Knowing what comets are made of — dust and ice — only begins to answer the mystery of what is inside them. A compact object with this composition should be heavier than water, but we know that many comets have densities much lower than that of water ice. The implication is that comets are porous, but what we’d still like to know is whether this porosity is the result of empty spaces inside the comet or an overall, homogeneous low-density structure.
For answers, we turn to the European Space Agency’s continuing Rosetta mission. In a new paper in Nature, Martin Pätzold (Rheinische Institut für Umweltforschung an der Universität zu Köln, Germany) and team have gone to work on the porosity question by analyzing Comet 67P/Churyumov-Gerasimenko, around which Rosetta travels. It’s no surprise to find that 67P/Churyumov-Gerasimenko is a low-density object, but an examination of the comet’s gravitational field shows that we can now rule out a cavernous interior.
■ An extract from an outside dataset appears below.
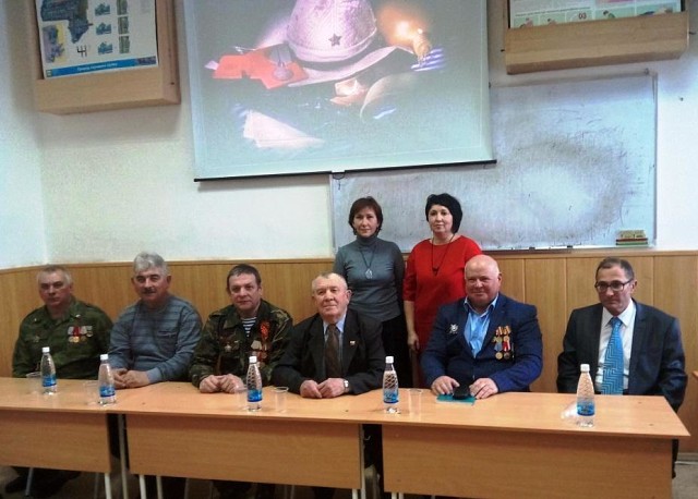 27 декабря 2018 года в Местном отделении ДОСААФ России Щербиновского района Краснодарского края состоялся Урок мужества «Воинский долг на земле неизменен», посвященный вводу ограниченного контингента советских войск в Афганистан, для курсантов ВУС и волонтеров отдела молодежи муниципального образования Щербиновский район. На экране мультимедийной установки кадры ввода Советских войск в Афганистан, кадры боев и затишья, фотографии советских солдат. Заместитель председателя МО ДОСААФ Марина Кротенко представила гостей: Коваль Николай Иванович, заместитель председателя Щербиновской районной организации Краснодарской краевой общественной организации ветеранов (пенсионеров, инвалидов) войны, труда, вооруженных сил и правоохранительных органов, историк. Котенко Василий Владимирович, председатель первичной ветеранской организации воинов – афганцев. В Афганистане – командир заставы по сопровождению колон, 1986 - 1988 гг. Сергиенко Игорь Анатольевич, преподаватель МО ДОСААФ России Щербиновского района Краснодарского края. В Афганистане – заместитель начальника штаба батальона, командир взвода, 1985 – 1987 гг. Петренко Николай Владимирович, капитан. В Афганистане бортовой техник самолета АН – 26, 1987 - 1988 гг. Гугля Константин Владимирович, воин – афганец. В Афганистане – артиллерист, 1986 - 1988 гг. Египко Юрий Леонидович, воин – афганец. В Афганистане – механик – водитель, 1980 г. Марина Кротенко рассказала о том, что афганская война (1979-1989) - военный конфликт на территории Демократической республики Афганистан (Республика Афганистан с 1987 года) между правительственными силами Афганистана при поддержке Ограниченного контингента советских войск с одной стороны и вооружёнными формированиями афганских моджахедов («душманов»), пользующихся политической, финансовой, материальной и военной поддержкой ведущих государств НАТО и консервативного исламского мира с другой стороны. Уже 25 декабря начался ввод ограниченного контингента советских войск (ОКСВ) в Афганистан. Первыми на территорию Афганистана вступили части 108-й мотострелковой дивизии, а также части 103-й гвардейской воздушно-десантной дивизии, которые посадочным способом были десантированы в Кабул. Также в этот день на территорию страны вошёл 4-й десантно-штурмовой батальон 56-й отдельной десантной-штурмовой бригады, в задачу которому ставилось взятие под охрану стратегически важного тоннеля на перевале Саланг. Гости Урока говорили о том, что война – явление страшное, жестокое. Общие потери составили около 14000 человек. На территории страны было заложено около 12 млн. мин, 7 млн. из которых до сих пор не нейтрализованы. Согласно этим данным, на момент вывода войск СССР потерял 103 истребителя и военно-транспортных самолета, 317 вертолетов, 147 танков, 1314 транспортных средств. И наши войска на чужой земле защищали интересы своего народа и выполняли интернациональный долг. Память о погибших воинах свято хранят их товарищи по оружию, их семьи и близкие. И память эта будет жива, пока мы о них помним, пока мы о них говорим. Война будет жить в памяти сирот, оставшихся без отцов. Будет жить в душах тех, кто в ней участвовал. А в памяти людской ей ещё жить долго, потому что её история написана кровью солдат и слезами матерей. Что бы ни говорили современные аналитики об Афганской войне, сегодня можно с п

Image: These images of comet 67P/Churyumov-Gerasimenko were taken by Rosetta’s navigation camera between August and November 2014. Top row, left to right: Comet pictured on 6 August 2014, at a distance of 96 km; 14 August, at a distance of 100 km; 22 August, at a distance of 64 km; 14 September, at a distance of 30 km. Bottom row, left to right: Comet pictured on 24 September, at a distance of 28 km; 24 October, at a distance of 10 km; 26 October, at a distance of 8 km; 6 November, at a distance of 30 km. Copyright: ESA/Rosetta/NAVCAM, CC BY-SA IGO 3.0.
This is tricky work performed using Rosetta’s Radio Science Experiment (RSI) to examine just how the Rosetta orbiter is affected by the gravity of the comet. And just as we do when measuring the tiniest motions of distant stars to search for planetary companions, the researchers use Doppler methods to make the call, measuring how signals from the spacecraft change in frequency as Rosetta is affected by the comet’s gravity. In this way we can build up a picture of the gravity field across the comet while working to rule out other influences.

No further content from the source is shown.